Detecting shallow subsurface anomalies with airborne and spaceborne remote sensing: A review

Abstract

Advances in air and space sensor technology reveal new opportunities and innovative ways to remotely sense the Earth's subsurface. Considerable spatial coverage, fast and frequent image acquisition and very high radiometric, spectral, spatial and temporal resolution imaging systems can now detect near subsurface anomalies with impressive accuracy. The merits are extensive, with archaeological prospecting, environmental risk mitigation, natural resource exploration, defence and security and speleological research all benefitting from subsurface imaging capabilities over unknown territory, difficult terrain, hazardous environments and inaccessible ground.
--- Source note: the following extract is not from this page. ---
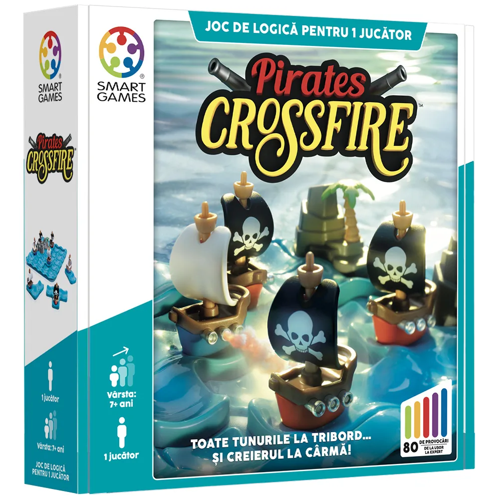 Pirates Crossfire este un joc pentru copii din seria Smart Games cu elemente de inalta calitate. Jocul include 80 de provocari logice cu dificultati crescatoare. Pregateste-ti tunurile si mintea pentru marea batalie! Poti sa-ti conduci flota prin marile periculoase, pline de pirati, pentru a aduce inamicul in bataia tunurilor tale si a-i scufunda navele? Sau vei pastra pacea si vei evita razboiul total? Pachetul contine: 1 tabla de joc reprezentand marea, 2 piese de joc cu stanci, 2 piese de puzzle cu nave negre (piratii), 4 piese de puzzle cu nave albe (marina) si 1 brosura cu 80 de provocari si solutii. Smart Games este lider mondial in producerea jocurilor de logica de peste 30 de ani. Creeaza jocuri logice, unice si inovative, cu tematici pe placul copiilor dar care se potrivesc pentru toate varstele. Principalele caracteristici ale jocurilor Smart Games includ:- Diversitate: ofera o gama variata de jocuri si puzzle-uri pentru toate varstele si nivelurile de abilitate. Acestea includ jocuri de logica, jocuri de strategie, puzzle-uri tridimensionale cu miniaturi pe placul copiilor.- Stimularea gandirii logice: sunt proiectate pentru a incuraja gandirea strategica, analitica si critica. Ele pun la incercare abilitatile jucatorilor in rezolvarea de probleme si in identificarea unor solutii eficiente.- Adaptabilitate: Multe dintre jocuri sunt concepute pentru a fi portabile si compacte, ceea ce le face potrivite pentru a fi jucate in timpul calatoriilor sau in orice alta ocazie. Ele sunt, de asemenea, adaptate pentru a fi jucate atat de copii, cat si de adulti.- Reutilizabilitate: Majoritatea jocurilor Smart Games sunt realizate din materiale durabile si pot fi rejucate de mai multe ori. Ele ofera mereu noi provocari si posibilitati de invatare, facandu-le potrivite pentru utilizare pe termen lung.
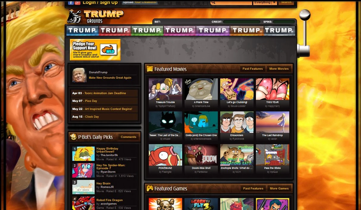 An account purporting to be Donald Trump announced that he had bought Newgrounds.com and fired Tom Fulp. He announced that he had created a Trump chat and was going to build a firewall to keep Mexico out and make Mexican Google pay for it. He would also kick out the Chinese users and wanted every user to pledge to visit Newgrounds ever day and become a supporter. There was also a Trump slot machine game playable from the Front page. Newgrounds remained as Trumpgrounds the entire weekend.

In this paper, we categorise the ground indicators and potential field characteristics of a general subsurface anomaly before reviewing and documenting over seventy air and space subsurface detection techniques using: photogrammetry, multispectral sensors, thermal infrared, hyperspectral imaging, synthetic aperture radar (SAR), airborne light detection and ranging (LiDAR), airborne gravity and aeromagnetics. The capabilities of each technique are evaluated by reviewing their ability to detect specific characteristics from subsurface anomalies and then they are tabulated by investigable feature and sensor type in seven technique tables. Research trends in motive, sensor type and subsurface anomaly characteristic are discussed and a short review of the major ground-truthing techniques used to verify airborne and spaceborne observations is considered. To close, we take a brief look at future research opportunities with very high resolution (VHR) datasets, multi-branch convolutional neural networks (CNNs) and active remote sensing in variable potential fields.